Pastoral Letter 100
Dear Members of St. Andrew’s Uniting Church, Friends and Adherents,
Greetings to you all in the name of our Lord and Saviour Jesus Christ.
I write this my 100th Pastoral Letter with some relief and thanks as I am on my way of full recovery from COVID. After two difficult weeks I am glad to let you know that last week I tested Negative and day by day I am getting better and better. I hope and I do pray that by the first Sunday of February I will be ready to resume work. A special thanks to the Church Elders and the Council who accepted my request of two weeks sick leave and two weeks of annual leave. Thank you all for your concern, prayers and the notes you have send during this period, they mean a lot to me and Dee.
Dee and I have decided to take a short road trip this weekend and today we will hit the road and plan to be back on Monday evening. We think this will be a good time to relax and unwind.
Thanks to our neighbouring churches who shared their service with us the last two Sundays. I am glad to let you know that our friend Bob Minton has accepted to prepare this and next Sunday’s Service. Thank you, Bob, for always being ready to help us when we are in need.
Please join the others on Sunday morning, light a candle and follow the Order of Service and sing along the hymns. We will keep you posted in regards when we will be able to open our church doors for services and to resume our weekly programs. During the week the Church Elders and the Council will make a decision in this regard, and we will let you know by next week.
In the meantime, be well and safe, continue to pray, remembering those who need care, support and love and let us know if any member of the congregation that you know of is not feeling well or has symptoms.
Here are some prayer points for this week:
- Pray for those who are suffering with Omicron, the new variant of COVID.
- Pray for Tonga; our brothers and siters in Christ who are suffering in the aftermath of the volcanic eruption and Tsunami.
- Pray for the poor, the sick, the vulnerable, the struggling and the stressed.
- Pray for all those who are suffering under hardship and poverty.
- Pray for world peace and ask for God’s blessings.
- Pray and give thanks with all you have and remember that everything is given by God with His grace.
- Pray for each other.
Please let me know if you or anyone else has prayer points.
Best Regards,
Krikor
“TODAY”
Luke 4: 14-21
Let us pray!
O Lord, we pray, speak in the calming of our minds and in the longings of our heart. Speak, O Lord, for your servants listen. Amen.
The first recorded word in a sermon by Jesus is the word “Today.” It was in His home synagogue at Nazareth that he gave His message for the first time.

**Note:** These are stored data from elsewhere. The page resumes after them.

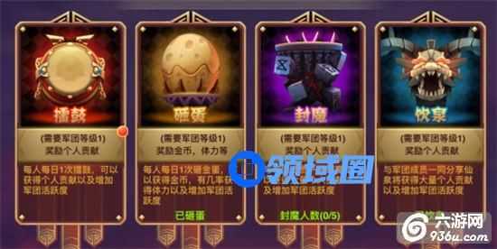封魔:与军团成员一起炼魔可以获得500点个人贡献以及增加军团活跃度。(必须5人站满)
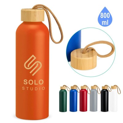 Garrafa de alumínio com capacidade de 800ml, produzida em material leve e resistente, perfeita para manter a hidratação sempre à mão no dia a dia. Possui tampa rosqueável em bambu com alça em algodão, que facilita o transporte e confere um toque sustentável. Um brinde moderno e funcional, ideal para eventos ecológicos, programas de sustentabilidade, ações promocionais e campanhas de conscientização ambiental.
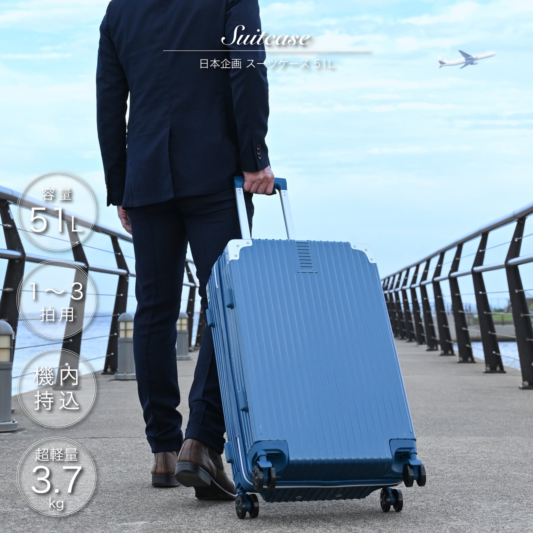 ●『スーツケース 耐衝撃 超軽量 静音 ダブルキャスター付き 51L』は、容量約50Lの大容量スーツケースです。
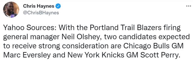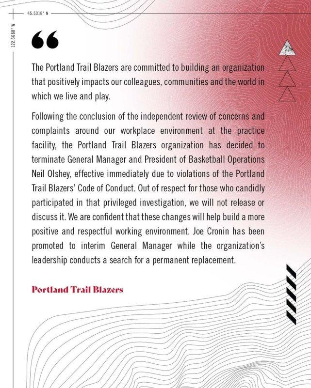 360直播讯 北京时间12月4日,开拓者官方发表声明,正式解雇总经理兼篮球运营总裁尼尔-奥尔希。官方声明中表示,奥尔希被解雇的原因是“违反球队行为准则”。人事主管乔-克罗宁升任临时总经理,名记Chris Haynes报道称,公牛总经理马克-埃弗斯利和尼克斯总经理斯科特-佩里是开拓者聘用新总经理的两大目标人选。
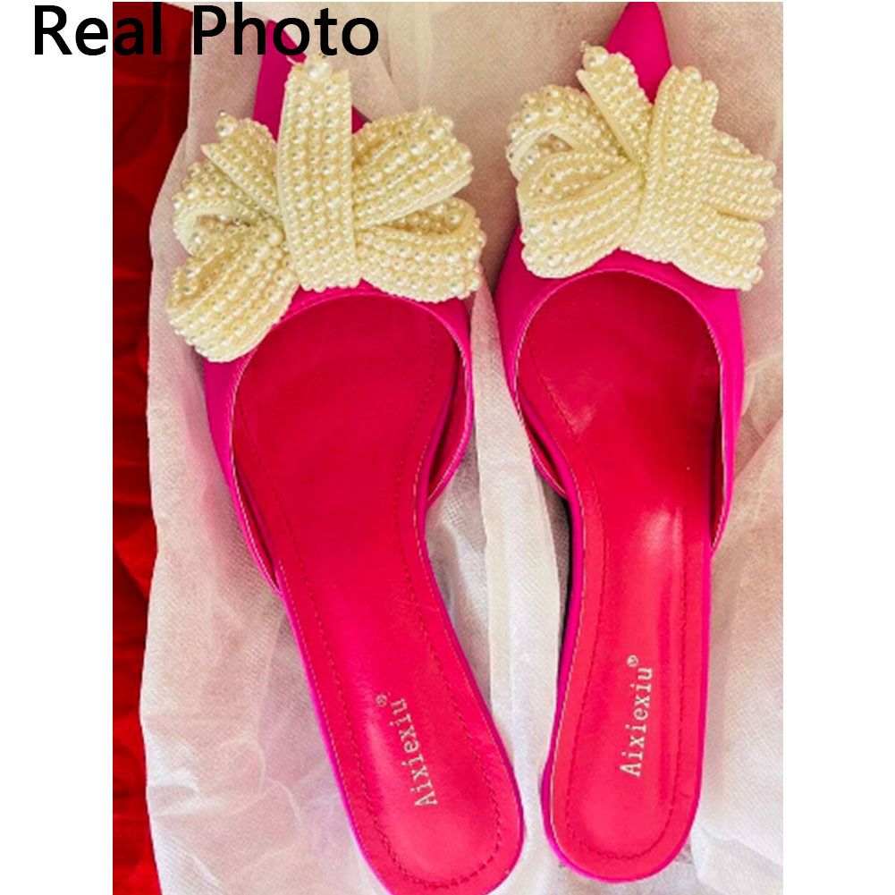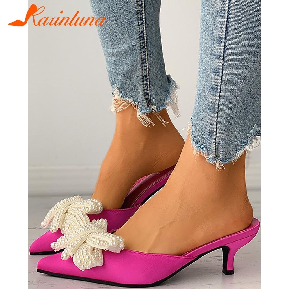 1X Karinluna 2022 New Fashionable Woman Mules Shoes Pearl Slip-on Low Heels Pointed Toe Ladies Pumps fly-knot Woman Shoes
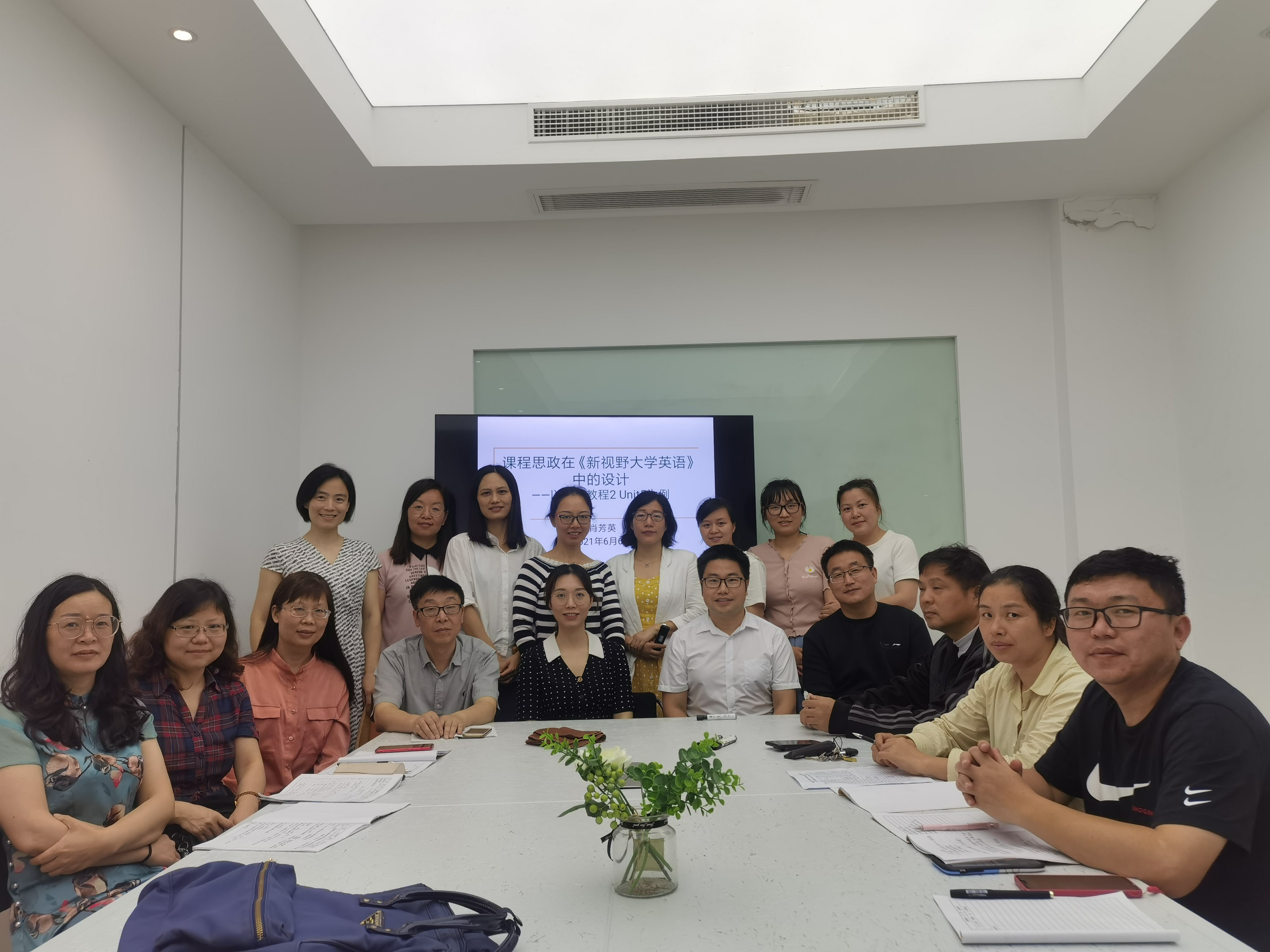 6月1日下午,外国语学院公共教学部肖芳英老师在创客工场主持了“课程思政在《新视野大学英语读写教程》与《新视野大学英语视听说教程》中的设计”的教学研讨活动,公共英语教学部20余名教师参加了本次研讨会。

Jesus closed the sacred Scroll, handed it back to the attendant, and sat down, and all the eyes in the synagogue were fixed upon him. He began to speak to them: “Today this Scripture is fulfilled in your hearing”
There would be many more words to follow in the months ahead: fecund words that would both unsettle and enthral people for two millennia. But Jesus’ first word was simply “Today”
Luke presents these words as Christ’s mission statement. He believed that they were being fulfilled in His lifetime. These words define what Jesus was on about. This was “his thing” because it was “God’s thing.”
The Spirit of the Lord is upon me, for he has ordained me to preach good news to the poor. He has sent me to announce release for prisoners, sight for the blind, liberty for the oppressed, and to proclaim the year of God’s acceptance. Luke 4: 18
Today this Scripture is fulfilled in your hearing”
TODAY
Never confuse Jesus with those overzealous iconoclasts: those who are so filled with their own self-importance that they scorn the past. Jesus was not an angry young man on an ego trip. Never! That was not His thing.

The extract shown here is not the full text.